╔══

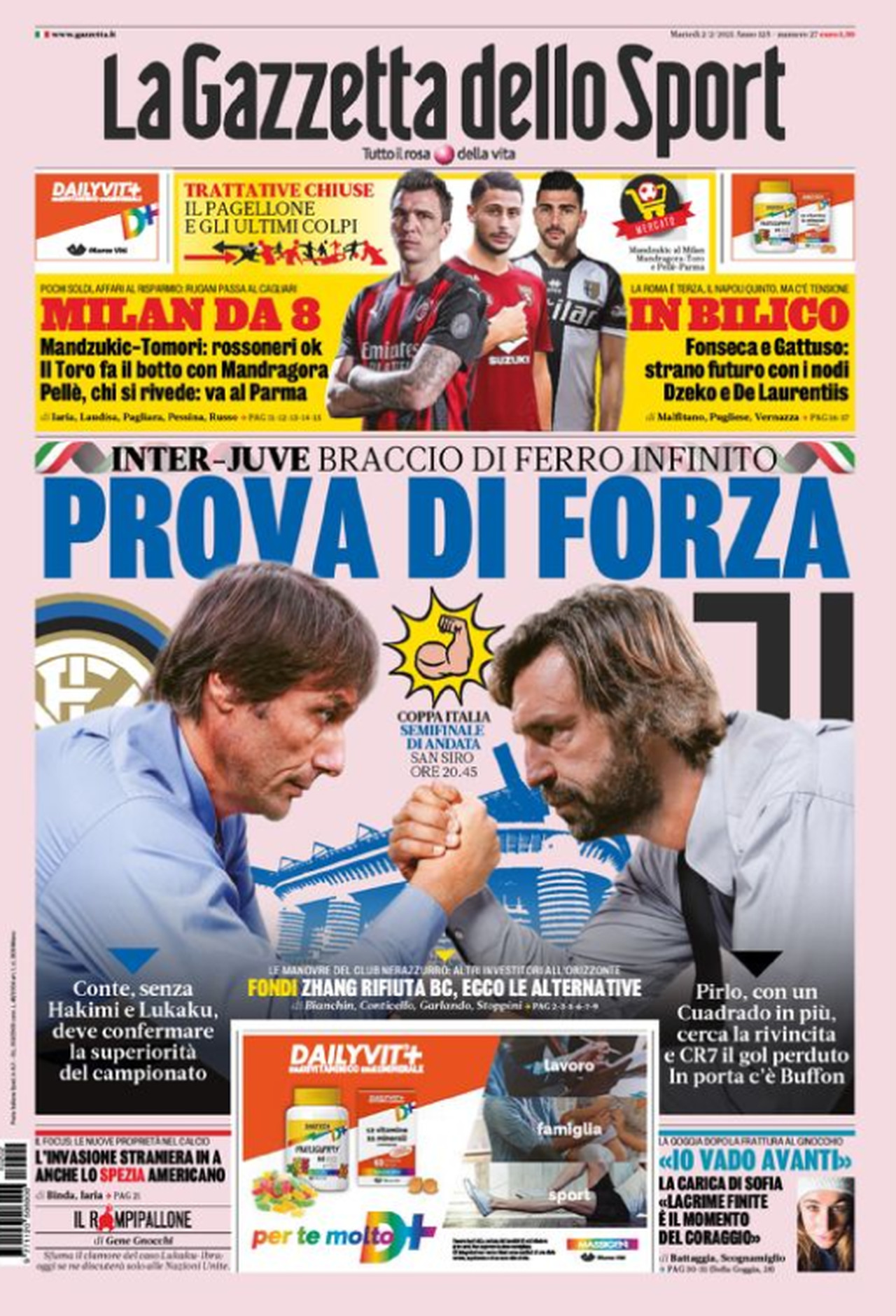 TORINO- La finestra di calciomercato invernale si è chiusa ieri. Diversi i colpi effettuati dai club di Serie A, anche se le grandi squadre hanno pensato maggiormente alle cessione come la Juventus, che in un solo colpo ha piazzato Khedira all’Hertha Berlino (titolo definitivo), Rugani al Cagliari (prestito secco) e Mandragora al Torino (prestito con diritto di riscatto). I bianconeri devono ora pensare al campo. Questa sera, a “San Siro”, andrà infatti in scena il “derby d’Italia” contro l’Inter, una classica del nostro calcio valevole per l’andata delle semifinali di Coppa Italia. Una sfida, quella tra Pirlo e Conte, che occupa le prime pagine della Gazzetta dello Sport e di Tuttosport oggi in edicola:
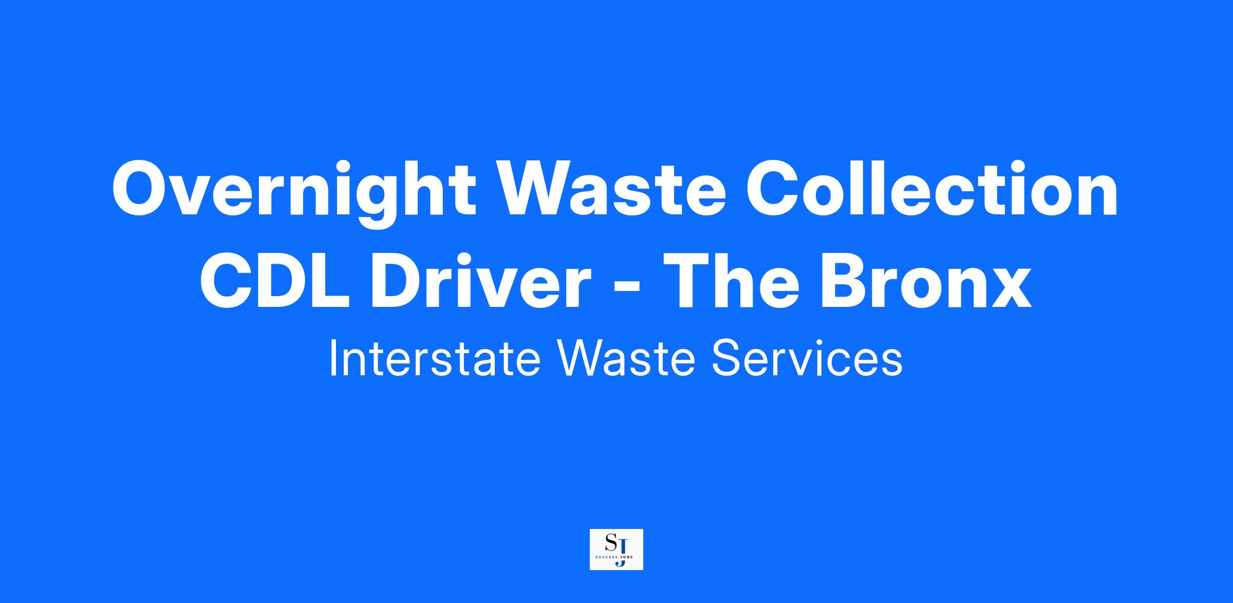 We are seeking a Waste Collection CDL Driver who will be working out of our Bronx Depot (315 Casanova St, Bronx, NY 10474) and reporting to the Site Manager but is also subject to supervision by Route Supervisors and Dispatchers. This is a full time, Union, non-exempt, hourly position with an overnight schedule starting anywhere between 6pm and 10pm, Sunday evening through Friday evening but may vary depending on business needs. Shifts may vary from 10 to 12 hours per evening or until the route is complete.
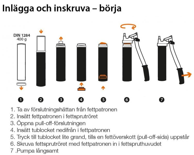 - Genom vakuumet i pumphuvudet rör sig tublocket uppåt och helt tömmer patronen på fett.
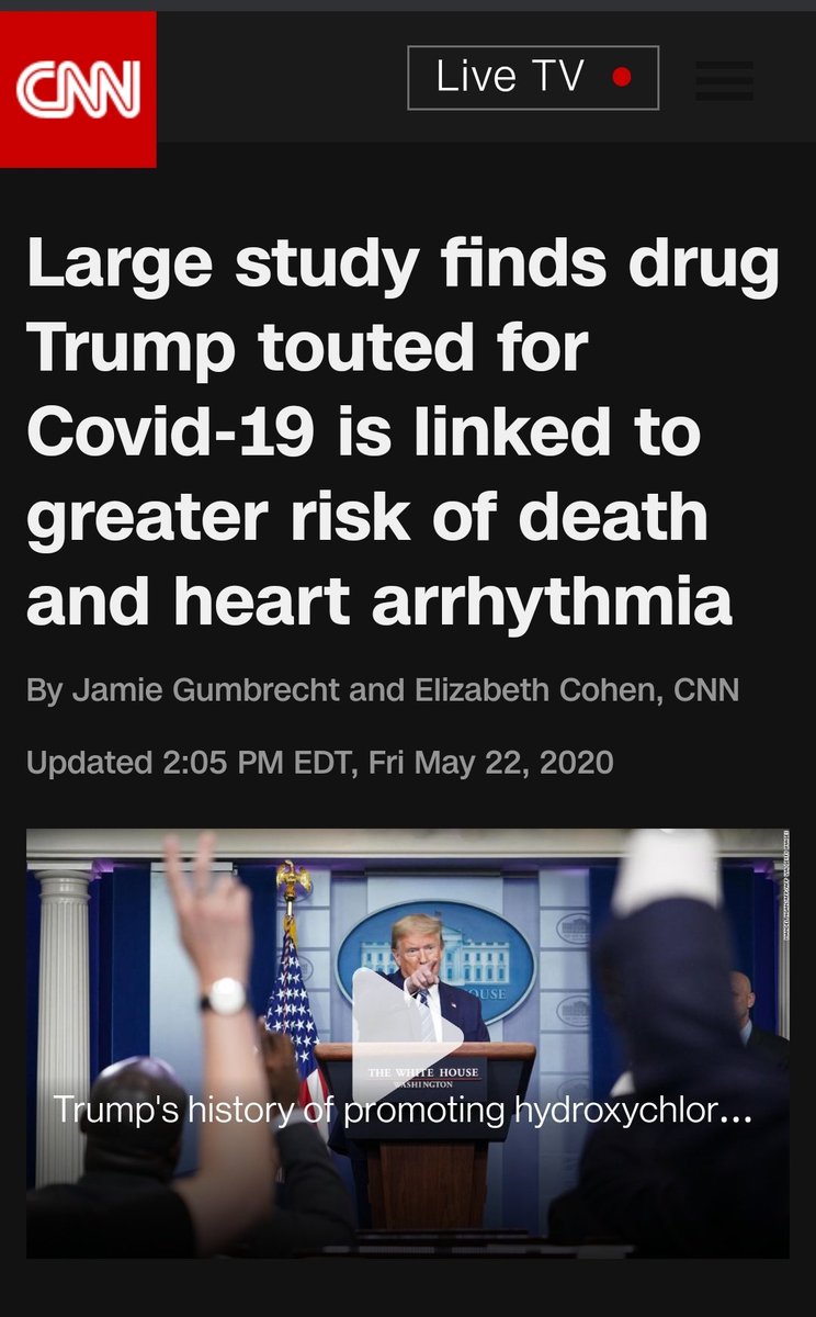 6. Twitter pundits and self-proclaimed COVID experts went into overdrive. They blamed Trump for causing the deaths of the patients who took hydroxychloroquine. (This CNN article is still on their website)
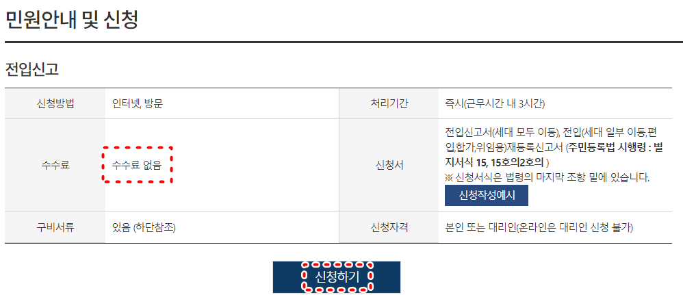 3. 전입신고를 신청하면 아래와 같이 간단한 안내가 나오네요. 수수료도 없구요.
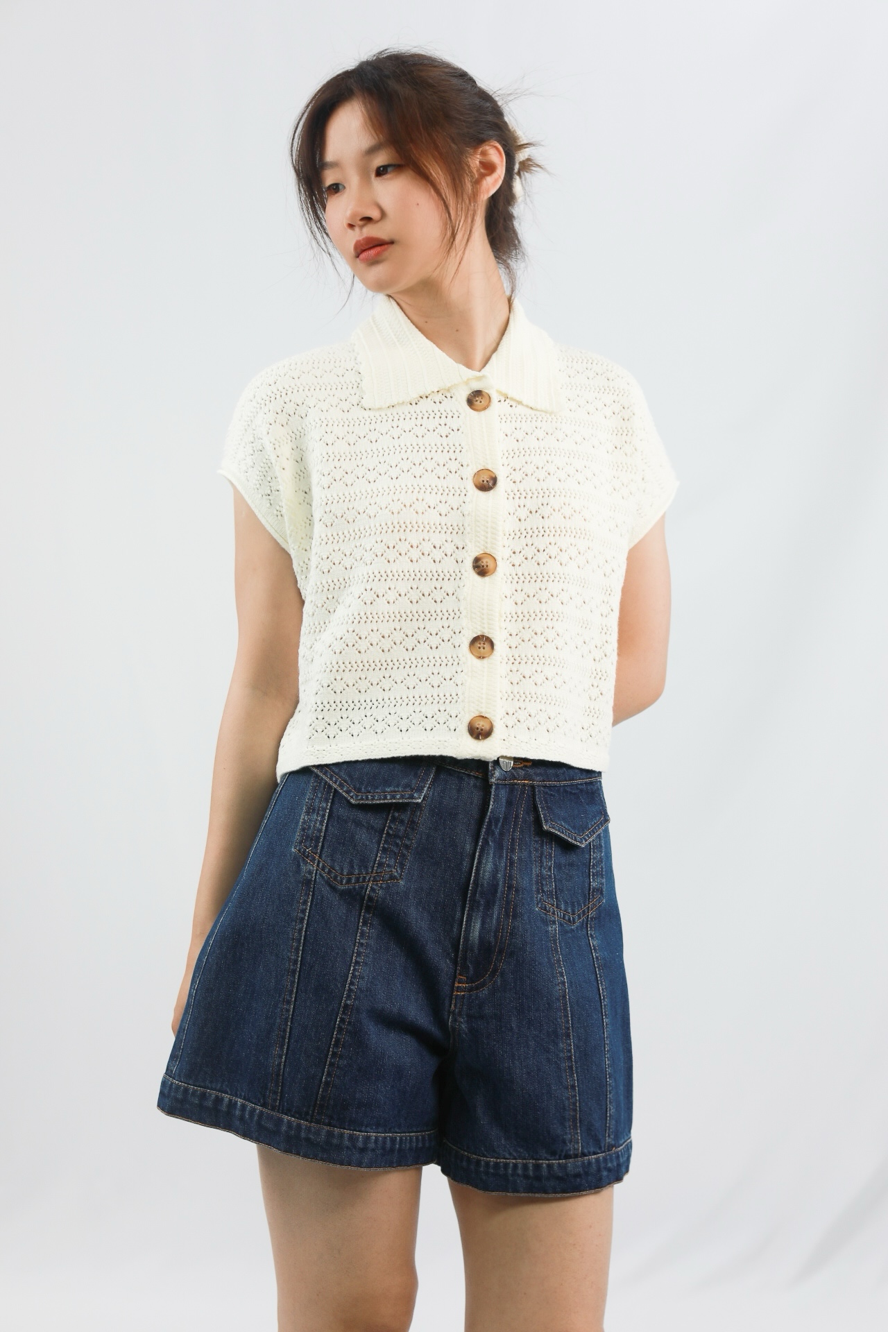 这是一款米白色无袖镂空针织开衫,采用短款设计,前襟配有复古木质纽扣,领口为小翻领,整体风格温柔复古,适合春夏季节单穿或作为外搭。搭配高腰牛仔裤,凸显腰线,营造随性又精致的法式氛围感。
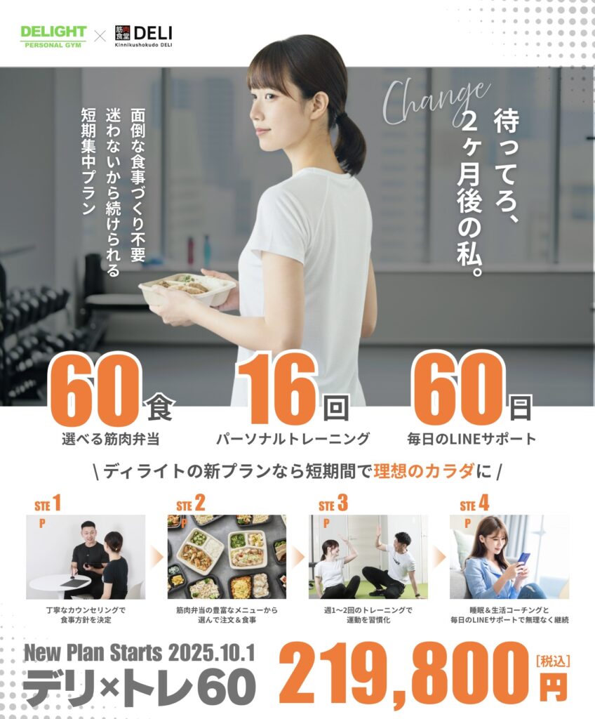 弁当60食+週1–2回の指導+毎日のアドバイスで三日坊主を防止。
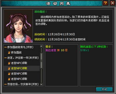 3、梦幻迷宫寻找珍珠时间: 12月30日19:00-24:00
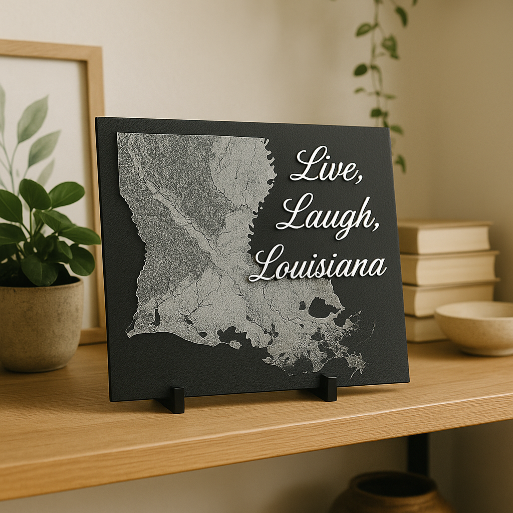 Bless your shelf with a little Southern charm, a whole lotta attitude, and the unmistakable outline of the Bayou State. “Live, Laugh, Louisiana” is more than wall art—it’s a lifestyle mantra wrapped in 3D printed pride and sweet tea energy.
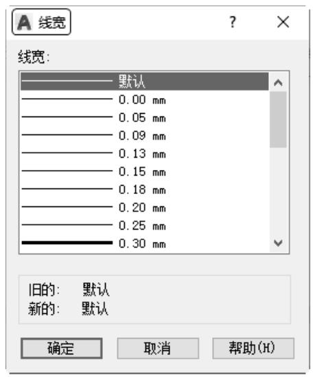 图层线宽的默认值为0.25mm。在状态栏为“模型”状态时,显示的线宽同计算机的像素有关。线宽为零时,显示为一个像素的线宽。单击状态栏中的“线宽”按钮,屏幕上显示的图形线宽,显示的线宽与实际线宽成比例,但线宽不随着图形的放大和缩小而变化。“线宽”功能关闭时,不显示图形的线宽,图形的线宽均为默认宽度值显示。可以在“线宽”对话框选择需要的线宽。
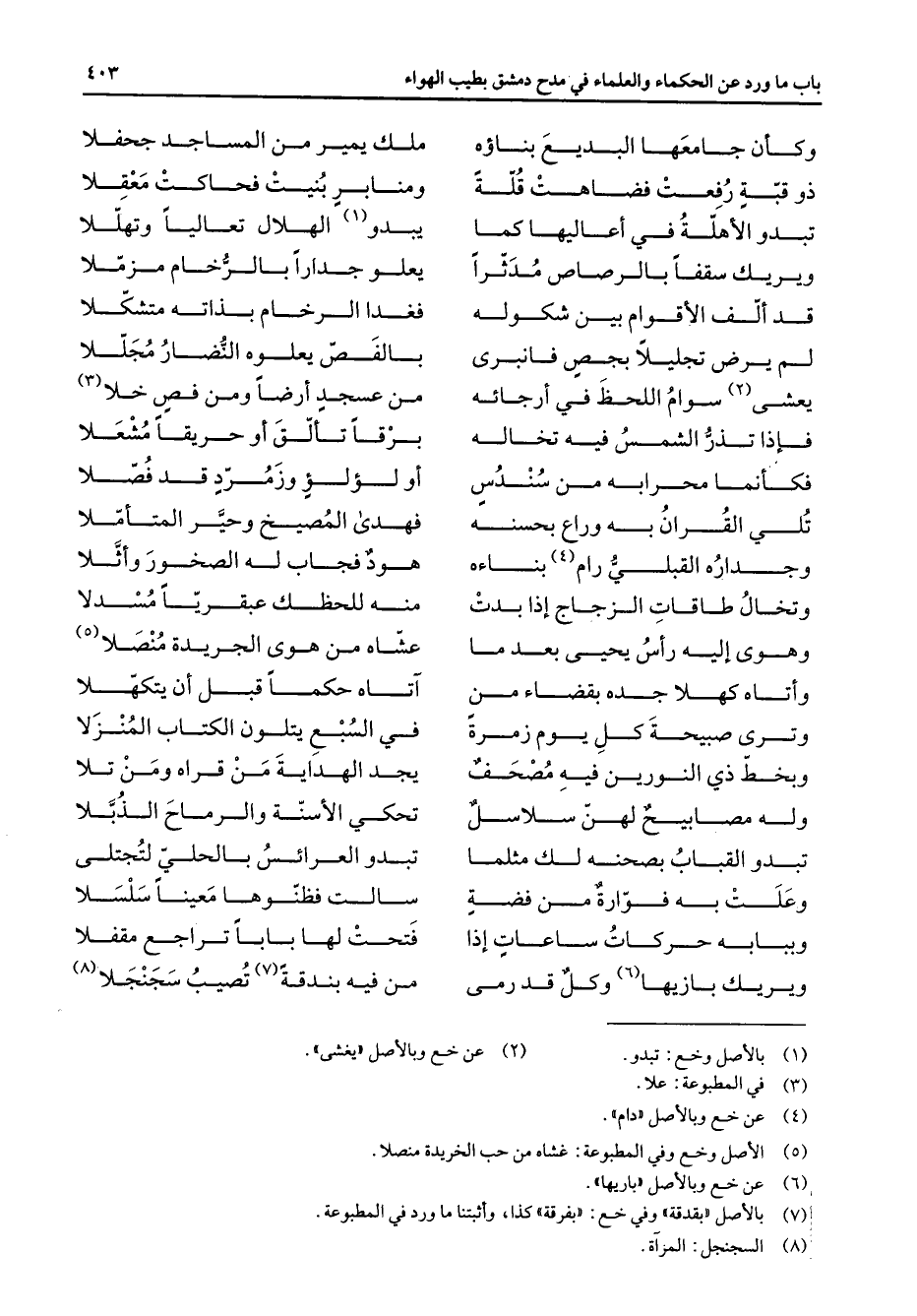 وكأن جامعها البديع بناؤه * ملك يمير من المساجد جحفلا ذو قبة رفعت فضاهت قلة * ومنابر بنيت فحاكت معقلا تبدو الأهلة في أعاليها كما * يبدو (1) الهلال تعاليا وتهللا ويريك سقفا بالرصاص مدثرا * يعلو جدارا بالرخام مزملا قد الف الأقوام بين شكوله * فغدا الرخام بذاته متشكلا لم يرض تجليلا بجص فانبرى * بالفص يعلوه النضار مجللا يعشى (2) سوام اللحظ في أرجائه * من عسجد أرضا ومن فص خلا (3) فإذا تذر الشمس فيه تخاله * برقا تألق أو حريقا مشعلا فكأنما محرابه من سندس * أو لؤلؤ وزمرد قد فصلا تلي القران به وراع بحسنه * فهدى المصيخ وحير المتأملا وجداره القبلي رام (4) بناءه * هود فجاب له الصخور وأثلا وتخال طاقات الزجاج إذا بدت * منه للحظك عبقريا مسدلا وهوى إليه رأس يحيى بعد ما * عشاه من هوى الجريدة منصلا (5) وأتاه كهلا جده بقضاء من * آتاه حكما قبل أن يتكهلا وترى صبيحة كل يوم زمرة * في السبع يتلون الكتاب المنزلا وبخط ذي النورين فيه مصحف * يجد الهداية من قراه ومن تلا وله مصابيح لهن سلاسل * تحكي الأسنة والرماح الذبلا تبدو القباب بصحنه لك مثلما * تبدو العرائس بالحلي لتجتلى وعلت به فوارة من فضة * سالت فظنوها معينا سلسلا وببابه حركات ساعات إذا * فتحت لها بابا تراجع مقفلا ويريك بازيها (6) وكل قد رمى * من فيه بندقة (7) تصيب سجنجلا (8)
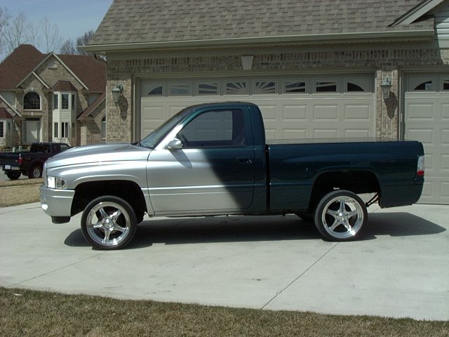 Silver Pearl Metallic/ Emerald Green Metallic Paint, Painted door handles, Shaved Tailgate, Ram Sport Headlights, Crystal Clear corners,
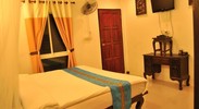 这家酒店设施一般,是此次行程中最不好的酒店,但是便宜啊,100人民币一晚含早餐(只有粥、水果、咖啡),有空调和WIFI,房子后面养着孔雀,自行车免费骑(不是太好骑),距离沙潘欣寺非常近,可以看日出(我们住的那天下雨),骑车到历史公园15分钟左右。老板一家人很好,晚上去车站接我们,走的时候又送到车站。素可泰酒店不是太多,还有两家GH不错就在历史公园门口,但是网上不能预定。

╚══

> [What you need to do]:
Your answer should be the exact lines above from the one containing "We are seeking" through the one containing "- Genom vakuumet", with both end lines kept and the pictures removed, please.

> [Task answer]:
 We are seeking a Waste Collection CDL Driver who will be working out of our Bronx Depot (315 Casanova St, Bronx, NY 10474) and reporting to the Site Manager but is also subject to supervision by Route Supervisors and Dispatchers. This is a full time, Union, non-exempt, hourly position with an overnight schedule starting anywhere between 6pm and 10pm, Sunday evening through Friday evening but may vary depending on business needs. Shifts may vary from 10 to 12 hours per evening or until the route is complete.
 - Genom vakuumet i pumphuvudet rör sig tublocket uppåt och helt tömmer patronen på fett.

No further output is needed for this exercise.